投稿者: 根保孝栄・石塚邦男 投稿日:2019年 6月13日(木)18時08分57秒 KD106129210037.au-net.ne.jp  通報   返信・引用   編集済

・友人の吉田隆一さんから案内がありました。苫小牧在住の方は観に行って差し上げてください。この支部展は、掲載板に作品感想を載せる予定。

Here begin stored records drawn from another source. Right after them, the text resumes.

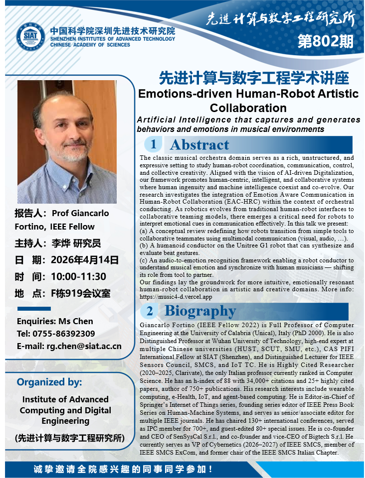 大家好!数字所/计算机学院第802期学术讲座将于4月14日10:00-11:30在F919会议室举行,本次讲座将邀请意大利卡拉布里亚大学(University of Calabria, Italy) Giancarlo Fortino 教授作题为“Emotions-driven Human-Robot Artistic Collaboration”的报告。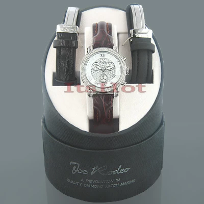 Luxurious Joe Rodeo Watches! This JOJO Ladies Diamond Watch Passion features a polished stainless steel case and 0.60 carats of diamonds on the bezel and lugs. Fine Japan-made quartz movement with chronograph function, center second and date will accurately keep time for you. This women’s diamond watch by Joe Rodeo comes with two interchangeable leather bands in different colors. The patented strap adjusts once for a perfect fit, and comes on and off with the press of a button. Water-resistant to 100 meters (330 ft).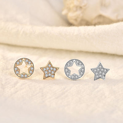 Asymmetry CZ Stars New 925 Sterling Silver Stud Earrings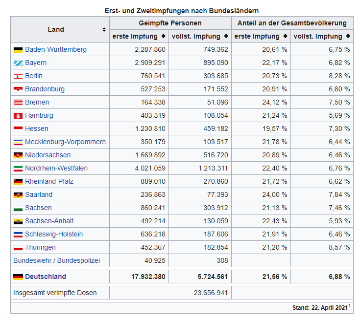 Hier sieht man noch alle Statistiken zur Coronaimpfung aber getrennt für die verschiedenen Läns (Verwaltungsgebiete)

新聞社時代は、主な展覧会は感想評を新聞に作品の写真つきで載せたものですか、またやりますか。

・会場は、苫小牧市民活動センターで7月7日まで。
参加者は次の通り。

  居島恵美子、今田博勝、上水啓子、田村純也、
  藤田悦子、三浦恵美子、山崎茘禮子、吉田隆一、
  堅田智子、木内弘子、島弘子、長尾美紀、
  内海一弘

・招待作家 黒田孝、佐藤愛子(室蘭支部)

・最近は、一般人の若い画家志望の人たちは、経済の低迷が影響してか、めっきり少なくなったようす。年輩のベテランも、定年退職を迎え自由になるお金が少なくなり、経費のかかる大作を描いてゆく余力がなくなり、筆を折る方も増えているようです。特に女性はご主人が定年退職して、金額のかさむ活動が出来なくなり、筆をおく主婦が目立つといいます。悲しいことですが、残念です。